→ Given records:
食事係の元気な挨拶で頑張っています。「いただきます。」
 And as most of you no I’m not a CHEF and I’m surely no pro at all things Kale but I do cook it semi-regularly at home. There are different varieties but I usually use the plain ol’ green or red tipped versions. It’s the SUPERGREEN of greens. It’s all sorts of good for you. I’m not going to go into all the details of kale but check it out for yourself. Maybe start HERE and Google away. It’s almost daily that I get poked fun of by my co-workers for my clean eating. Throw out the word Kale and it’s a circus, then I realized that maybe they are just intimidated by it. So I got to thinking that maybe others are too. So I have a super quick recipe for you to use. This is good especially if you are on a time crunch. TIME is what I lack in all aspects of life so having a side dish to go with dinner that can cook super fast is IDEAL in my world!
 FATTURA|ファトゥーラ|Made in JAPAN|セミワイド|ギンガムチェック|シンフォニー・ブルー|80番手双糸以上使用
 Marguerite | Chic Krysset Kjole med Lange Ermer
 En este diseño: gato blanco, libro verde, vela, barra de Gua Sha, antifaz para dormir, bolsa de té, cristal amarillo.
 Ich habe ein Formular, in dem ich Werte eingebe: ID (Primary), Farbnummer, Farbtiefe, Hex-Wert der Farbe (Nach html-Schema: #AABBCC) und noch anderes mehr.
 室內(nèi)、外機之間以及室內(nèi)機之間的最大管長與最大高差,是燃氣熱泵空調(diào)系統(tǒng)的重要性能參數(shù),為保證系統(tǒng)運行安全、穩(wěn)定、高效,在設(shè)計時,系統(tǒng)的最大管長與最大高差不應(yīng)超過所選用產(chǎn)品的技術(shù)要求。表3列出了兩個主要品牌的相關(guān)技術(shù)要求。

...

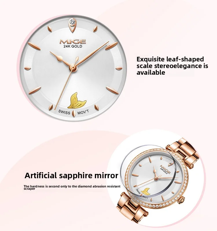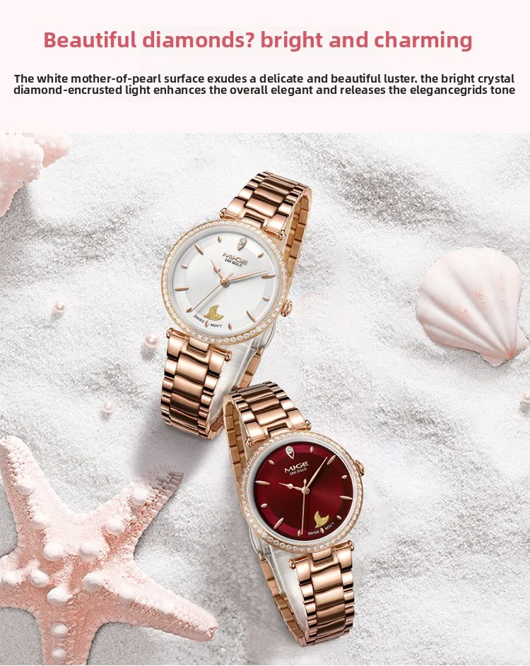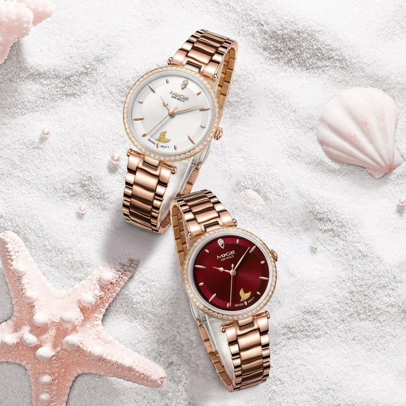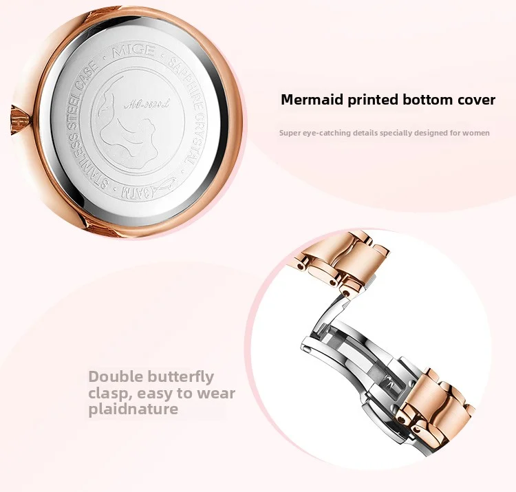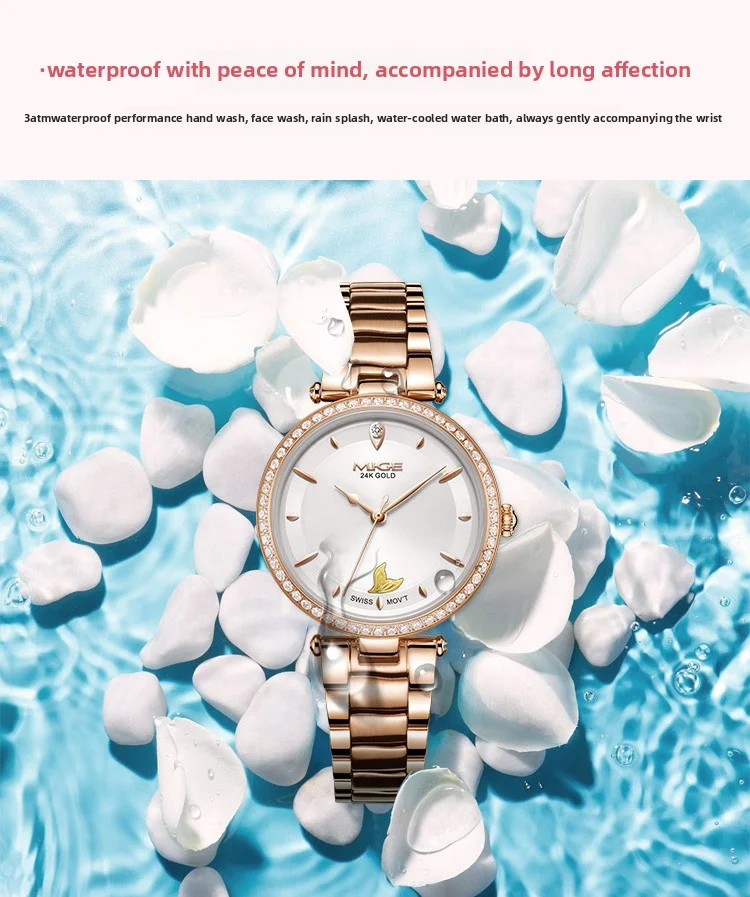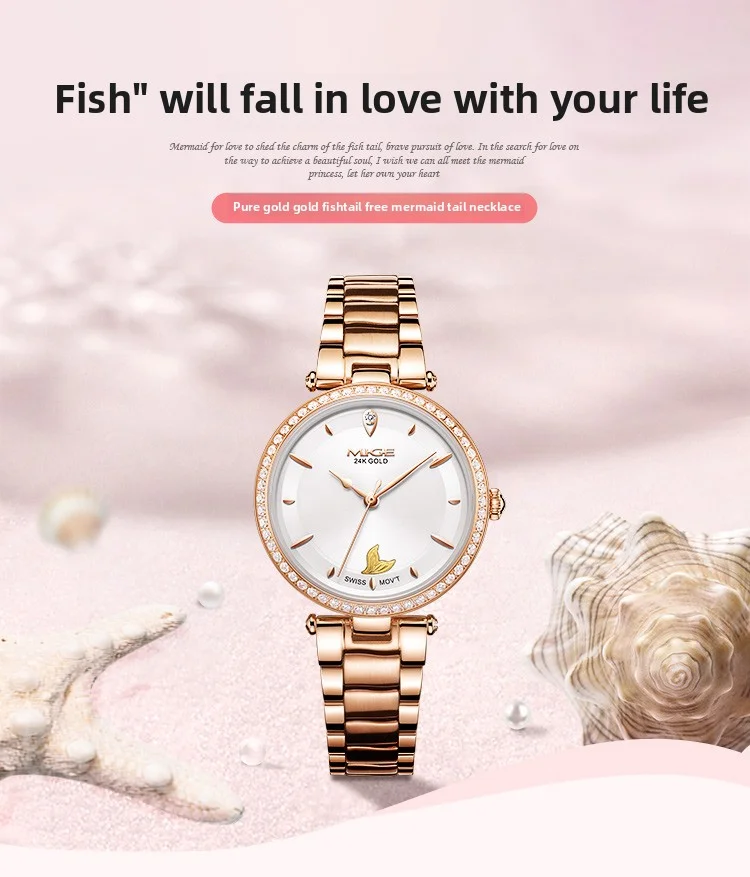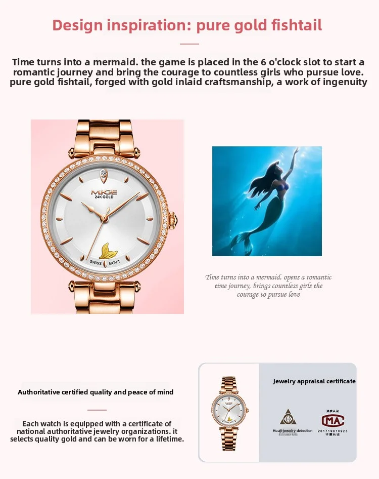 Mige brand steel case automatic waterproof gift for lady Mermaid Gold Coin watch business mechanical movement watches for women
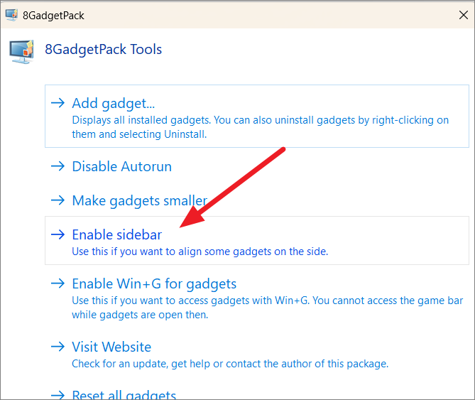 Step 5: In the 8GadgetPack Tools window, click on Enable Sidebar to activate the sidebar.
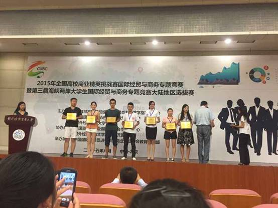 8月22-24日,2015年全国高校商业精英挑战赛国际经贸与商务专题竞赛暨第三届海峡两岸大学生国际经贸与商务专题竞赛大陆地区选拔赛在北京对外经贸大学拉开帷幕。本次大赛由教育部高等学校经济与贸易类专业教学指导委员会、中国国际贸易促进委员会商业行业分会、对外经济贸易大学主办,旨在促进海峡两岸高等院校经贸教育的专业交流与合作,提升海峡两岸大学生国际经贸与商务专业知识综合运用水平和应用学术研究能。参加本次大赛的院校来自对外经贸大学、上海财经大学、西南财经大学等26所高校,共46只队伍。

---

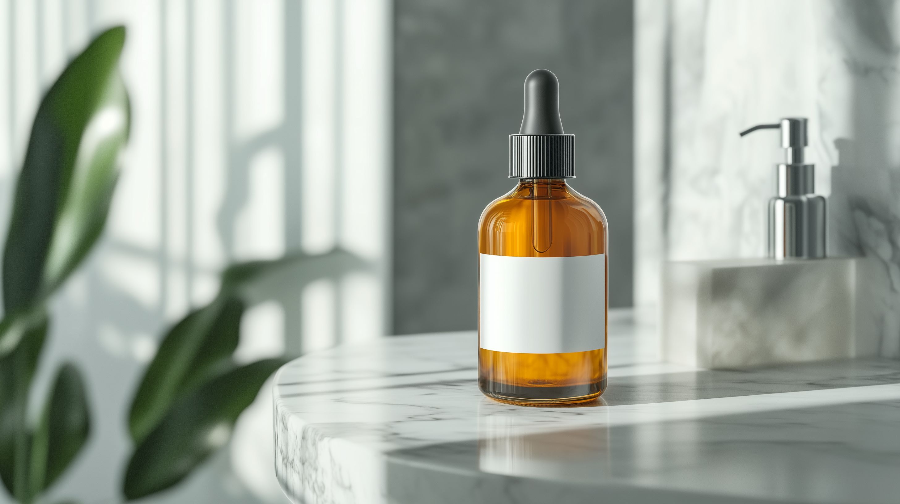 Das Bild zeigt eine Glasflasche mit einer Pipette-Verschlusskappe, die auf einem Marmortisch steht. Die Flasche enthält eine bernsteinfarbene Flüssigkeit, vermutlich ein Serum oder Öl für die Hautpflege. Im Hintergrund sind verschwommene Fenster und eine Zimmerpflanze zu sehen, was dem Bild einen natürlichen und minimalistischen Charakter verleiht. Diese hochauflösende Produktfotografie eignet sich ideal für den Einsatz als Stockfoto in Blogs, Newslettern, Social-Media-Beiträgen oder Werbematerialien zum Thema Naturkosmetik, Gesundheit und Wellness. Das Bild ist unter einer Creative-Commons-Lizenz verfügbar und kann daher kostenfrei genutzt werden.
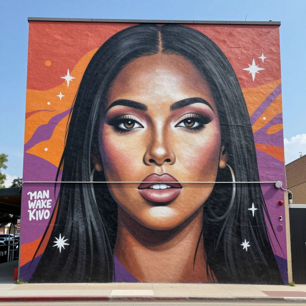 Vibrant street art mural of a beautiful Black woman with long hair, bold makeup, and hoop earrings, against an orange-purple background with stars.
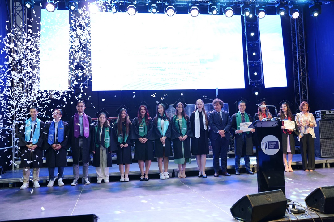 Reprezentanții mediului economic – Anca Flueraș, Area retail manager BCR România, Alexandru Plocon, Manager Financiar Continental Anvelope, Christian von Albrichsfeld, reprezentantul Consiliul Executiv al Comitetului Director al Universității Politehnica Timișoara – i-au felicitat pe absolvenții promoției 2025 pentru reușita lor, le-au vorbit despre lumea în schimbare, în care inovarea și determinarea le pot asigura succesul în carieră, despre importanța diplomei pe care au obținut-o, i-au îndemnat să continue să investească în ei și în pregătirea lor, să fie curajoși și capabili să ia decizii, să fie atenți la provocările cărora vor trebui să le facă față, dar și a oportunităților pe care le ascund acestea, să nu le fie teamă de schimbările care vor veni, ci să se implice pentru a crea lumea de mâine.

→ Task goal:
Which lines above run from the one containing "食事係の元気な挨拶で頑張っています。「いただきます。」" down to the one containing "室內(nèi)、外機之間以及"? Repeat exactly those, both ends included, and nothing else.

→ Output:
食事係の元気な挨拶で頑張っています。「いただきます。」
 And as most of you no I’m not a CHEF and I’m surely no pro at all things Kale but I do cook it semi-regularly at home. There are different varieties but I usually use the plain ol’ green or red tipped versions. It’s the SUPERGREEN of greens. It’s all sorts of good for you. I’m not going to go into all the details of kale but check it out for yourself. Maybe start HERE and Google away. It’s almost daily that I get poked fun of by my co-workers for my clean eating. Throw out the word Kale and it’s a circus, then I realized that maybe they are just intimidated by it. So I got to thinking that maybe others are too. So I have a super quick recipe for you to use. This is good especially if you are on a time crunch. TIME is what I lack in all aspects of life so having a side dish to go with dinner that can cook super fast is IDEAL in my world!
 FATTURA|ファトゥーラ|Made in JAPAN|セミワイド|ギンガムチェック|シンフォニー・ブルー|80番手双糸以上使用
 Marguerite | Chic Krysset Kjole med Lange Ermer
 En este diseño: gato blanco, libro verde, vela, barra de Gua Sha, antifaz para dormir, bolsa de té, cristal amarillo.
 Ich habe ein Formular, in dem ich Werte eingebe: ID (Primary), Farbnummer, Farbtiefe, Hex-Wert der Farbe (Nach html-Schema: #AABBCC) und noch anderes mehr.
 室內(nèi)、外機之間以及室內(nèi)機之間的最大管長與最大高差,是燃氣熱泵空調(diào)系統(tǒng)的重要性能參數(shù),為保證系統(tǒng)運行安全、穩(wěn)定、高效,在設(shè)計時,系統(tǒng)的最大管長與最大高差不應(yīng)超過所選用產(chǎn)品的技術(shù)要求。表3列出了兩個主要品牌的相關(guān)技術(shù)要求。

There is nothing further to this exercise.